The escape of ionizing photons from supernova-dominated primordial galaxies

TL;DR

This study models the escape of ionizing photons from supernova-dominated primordial galaxies, revealing their potential to ionize the intergalactic medium at redshifts 3-5 but not beyond, highlighting the need for additional sources at higher redshifts.

Contribution

It provides a detailed 3D radiative transfer model incorporating dust and shock effects, offering new insights into ionizing photon escape fractions in primordial galaxies.

Findings

Escape fractions range from 0.07 to 0.47 in LAEs and 0.06 to 0.17 in LBGs.

Dust extinction significantly reduces escape fractions, while shocks increase them.

High-z LAEs and LBGs can ionize the IGM at z=3-5, but not at z>6.

Abstract

In order to assess the contribution of Lyman break galaxies (LBGs) and Lyman alpha emitters (LAEs) at redshifts 3<z<7 to the ionization of intergalactic medium (IGM), we investigate the escape fractions of ionizing photons from supernova-dominated primordial galaxies by solving the three-dimensional radiative transfer. The model galaxy is employed from an ultra-high-resolution chemodynamic simulation of a primordial galaxy by Mori & Umemura (2006),which well reproduces the observed properties of LAEs and LBGs. The total mass of model galaxy is 10^{11}M_sun. We solve not only photo-ionization but also collisional ionization by shocks. In addition, according to the chemical enrichment, we incorporate the effect of dust extinction, taking the size distributions of dust into account.
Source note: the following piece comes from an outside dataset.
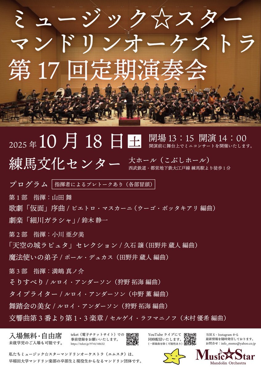 【エムスタ第17回定期演奏会のお知らせ】 📅日時:2025年10月18日(土) 🕑開場 13:15 / 開演 14:00 🏛会場:練馬文化センター 大ホール 💰入場無料 🎶開演前にミニコンサートも実施します。 👶お子様連れ専用席あり 未就学児可 🔗teketでの事前登録をお願いします:teket.jp/9741/48632 続く

As a result, we find that dust extinction reduces the escape fractions by a factor 1.5-8.5 in the LAE phase and by a factor 2.5-11 in the LBG phase, while the collisional ionization by shocks increases the escape fractions by a factor ~ 2. The resultant escape fractions are 0.07-0.47 in the LAE phase and 0.06-0.17 in the LBG phase. These results are well concordant with the recent estimations derived from the flux ratio at 1500 angstrom to 900 angstrom of LAEs and LBGs. Combining the resultant escape fractions with the luminosity functions of LAEs and LBGs, we find that high-z LAEs and LBGs can ionize the IGM at z=3-5. However, ionizing radiation from LAEs as well as LBGs falls short to ionize the IGM at z>6. That implies that additional ionization sources may required at z>6.